Родители Сони в Ташкенте чуть с ума не сошли. Летели телеграммы, звонили телефоны — урезонивали и по-хорошему и по-плохому. Когда отец Сони через десять дней приехал в ту деревню, чтобы убедиться, что да как, Соня и Виктор жили уже вместе в отдельном домике, уже расписались в сельсовете, были мужем и женой. Родители Сони решили, поразмыслив, что все это — романтические бредни их дочери, каприз ее восемнадцати лет — пусть даже безумный каприз, — но это пройдет. Война тем временем продолжалась, свершались крупные события. Киев был освобожден. Немного погодя старшие вернулись из Ташкента домой. С Соней поначалу даже не переписывались; потом начали понемногу отвечать на ее письма, сами засыпать ее письмами; в конце концов послали Соне и Виктору вызов в Киев — чтобы хоть жить рядом с ними. У Сони и Виктора в ту пору уже и ребенок был.
Что я тебе скажу, дружище: «любовь» — не то слово. Для того, что происходит между этой парой, пока нет названия. Она для него бог. Он для нее — все на свете. Она в лепешку расшиблась, бегала, просила, требовала, чтобы его, как он есть, со слепыми глазами, приняли в Киевский университет. Сама она успевала и работать в госпитале, и ходить с ним на лекции, переписывать конспекты, читать ему их дома… Сидела и с ним «учила уроки», как с ребенком — учеником первого класса. Не знаю, писал ли он и прежде стихи. Если и писал, то это наверняка было несерьезно — юношеские пробы. И вдруг ни с того ни с сего в один прекрасный день — но ты, конечно, сам понимаешь, что не совсем «вдруг» — он начал писать. Вначале — в голове, в одиночестве, для себя. Потом, стоило ей только выслушать несколько первых его стихотворений, они уже писали вместе. Это означает, что он сидит или лежит на кушетке и диктует, а она записывает. Если он велит ей строчку вычеркнуть, она вычеркивает; изменить слово — она изменяет; если он заставляет ее стихотворение порвать, она обещает порвать — и прячет. Короче говоря, он теперь — поэт. Мой киевский знакомый. Успел издать несколько книжек стихов. Часто выступает на вечерах поэзии. Она его выводит на сцену, и он наизусть читает. Сначала совсем тихо, еле слышно, потом все громче, сильнее, голос накаляется, звенит. Очень трогательные стихи, вовсе не плохие, его стало интересно слушать. Поэзия сделалась смыслом его жизни. Поэзия и Соня. Поэзия благодаря Соне. Здесь можно с полным основанием сказать ей спасибо. Спасибо ей в самом большом смысле слова и спасибо в самом простом смысле…

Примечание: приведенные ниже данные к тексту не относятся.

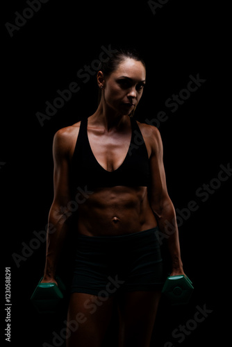 © Nikola Spasenoski, Fototapeta premium Athletic Woman Lifting Dumbbells in a Dark Background Highlighting Strength
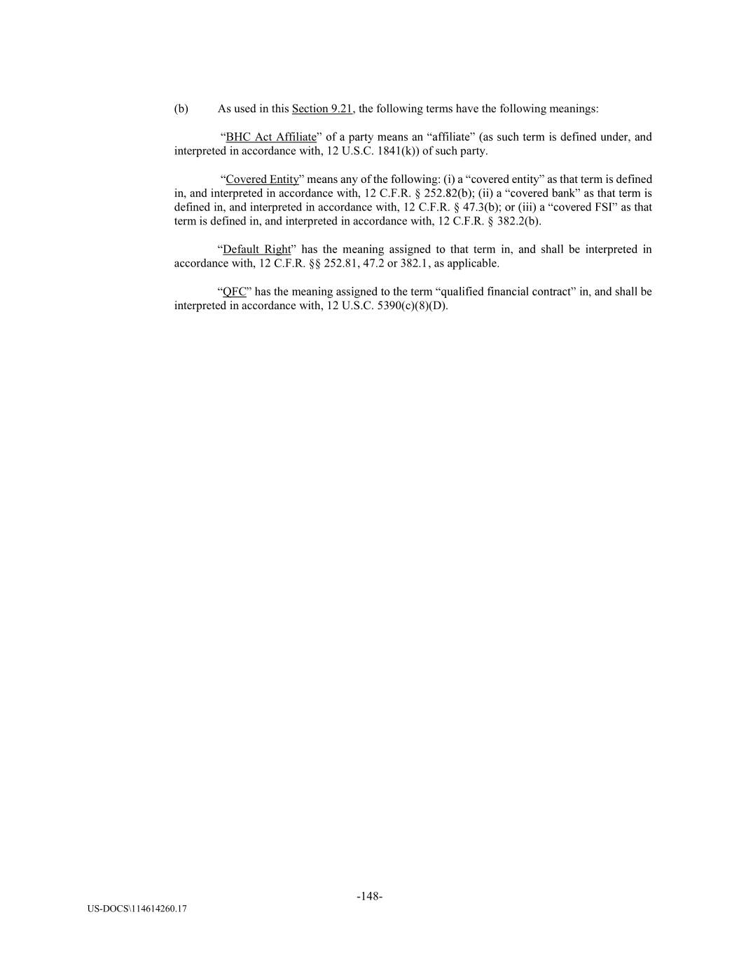 (b) As used in this Section 9.21, the following terms have the following meanings: BHC Act Affiliate interpreted in accordance with, 12 U.S.C. 1841(k)) of such party. Covered Entity in, and interpreted in accordance with, 12 C.F.R. § defined in, and interpreted in accordance with, 12 C.F.R. § 4 term is defined in, and interpreted in accordance with, 12 C.F.R. § 382.2(b). Default Right accordance with, 12 C.F.R. §§ 252.81, 47.2 or 382.1, as applicable. QFC interpreted in accordance with, 12 U.S.C. 5390(c)(8)(D). -148- US-DOCS\114614260.17
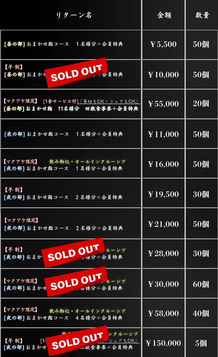 という不安をなくし、1周年祭のマクアケ限定として「おまかせ鮨」に“飲み物込み”を解禁“オールインクルーシブ体験”をご用意しました。

История, которую рассказала мне Рива Балясная, так взволновала ее саму, что, замолчав, она не могла унять возбуждения, щеки у нее пылали. Я подумал, что этим рассказом она подняла свое настроение, отвлеклась от переживаний последнего времени. Мы поднялись со скамейки, и Рива бросила:
— Настоящих имен Сони и Виктора я тебе не скажу. Если сподобишься снова породниться с ними, сам узнаешь…
— Разве в этом дело? — почему-то виновато ответил я.
4Как-то я опять поехал к морю, в Дом писателей.
И там, на вечере, где поэты читали свои стихи, я увидел поднимающегося на эстраду поэта, имя которого только что объявили, вместе с ним поднималась женщина. Она не вела его под руку, не поддерживала. Просто шла рядом с ним, и он чувствовал ее шаги рядом. По нескольким ступенькам, ведущим на сцену, он взошел уверенно, легко, не нашаривая их ногами; казалось, знал, куда идти.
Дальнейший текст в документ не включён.